__Work instructions__:
Give again, word for word, the lines below that run from the line with "old and up." through the line with "Light weight french". Drop the pictures.

__The records__:
--------------------------------------------------

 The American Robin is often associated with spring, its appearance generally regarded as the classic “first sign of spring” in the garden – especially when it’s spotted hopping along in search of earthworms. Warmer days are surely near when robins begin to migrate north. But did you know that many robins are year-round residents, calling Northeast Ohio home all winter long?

--------------------------------------------------

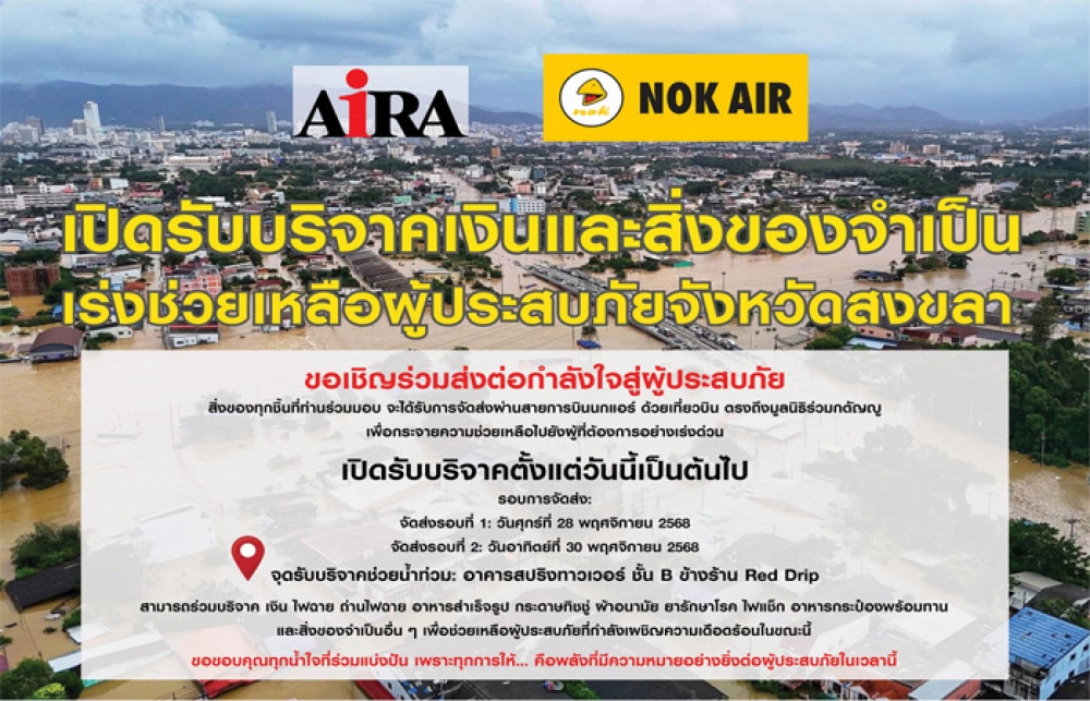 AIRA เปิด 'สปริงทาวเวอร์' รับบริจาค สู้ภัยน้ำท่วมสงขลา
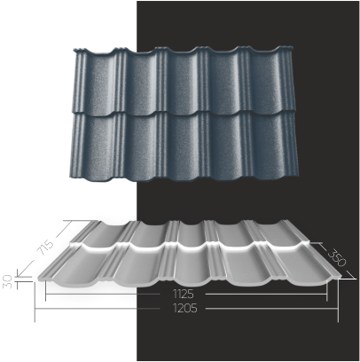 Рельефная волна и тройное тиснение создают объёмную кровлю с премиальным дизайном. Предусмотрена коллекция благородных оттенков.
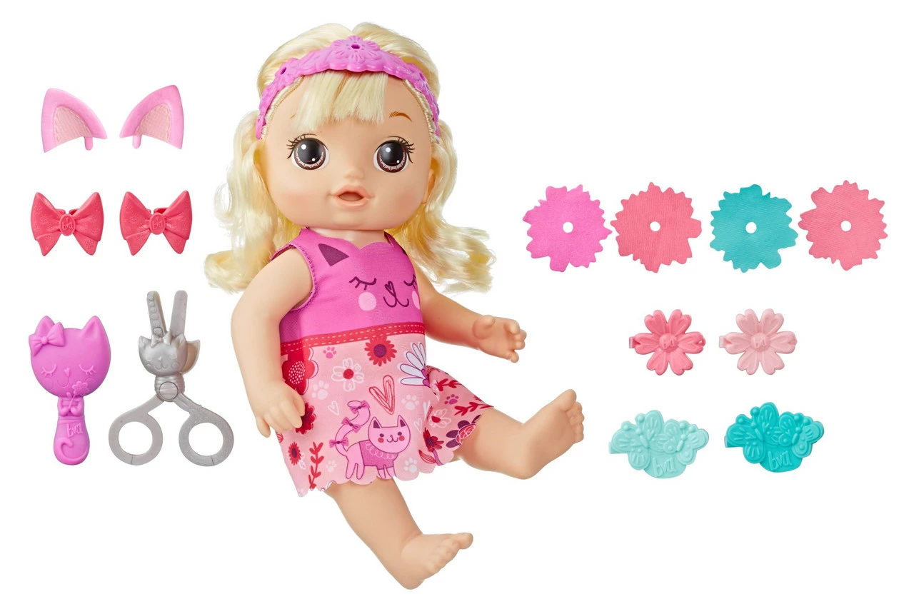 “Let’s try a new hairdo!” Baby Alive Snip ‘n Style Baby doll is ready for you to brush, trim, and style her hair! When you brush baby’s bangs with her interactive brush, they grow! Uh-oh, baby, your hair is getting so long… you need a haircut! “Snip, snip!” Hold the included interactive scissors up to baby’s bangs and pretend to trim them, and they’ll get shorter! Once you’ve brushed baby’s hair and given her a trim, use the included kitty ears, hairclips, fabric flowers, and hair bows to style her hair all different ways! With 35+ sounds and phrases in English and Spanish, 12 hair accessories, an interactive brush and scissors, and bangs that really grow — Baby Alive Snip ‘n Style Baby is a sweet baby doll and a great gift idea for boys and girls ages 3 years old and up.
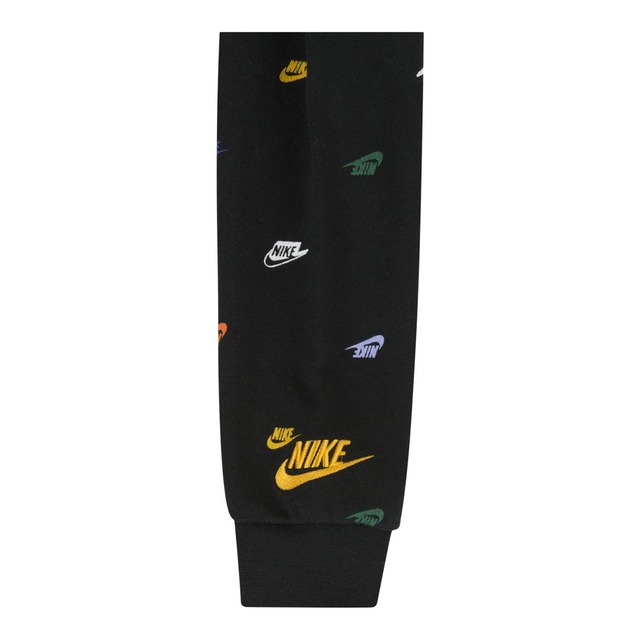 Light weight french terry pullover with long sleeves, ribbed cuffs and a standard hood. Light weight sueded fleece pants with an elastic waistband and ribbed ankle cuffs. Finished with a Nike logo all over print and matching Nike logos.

--------------------------------------------------

__Your solution__:
 “Let’s try a new hairdo!” Baby Alive Snip ‘n Style Baby doll is ready for you to brush, trim, and style her hair! When you brush baby’s bangs with her interactive brush, they grow! Uh-oh, baby, your hair is getting so long… you need a haircut! “Snip, snip!” Hold the included interactive scissors up to baby’s bangs and pretend to trim them, and they’ll get shorter! Once you’ve brushed baby’s hair and given her a trim, use the included kitty ears, hairclips, fabric flowers, and hair bows to style her hair all different ways! With 35+ sounds and phrases in English and Spanish, 12 hair accessories, an interactive brush and scissors, and bangs that really grow — Baby Alive Snip ‘n Style Baby is a sweet baby doll and a great gift idea for boys and girls ages 3 years old and up.
 Light weight french terry pullover with long sleeves, ribbed cuffs and a standard hood. Light weight sueded fleece pants with an elastic waistband and ribbed ankle cuffs. Finished with a Nike logo all over print and matching Nike logos.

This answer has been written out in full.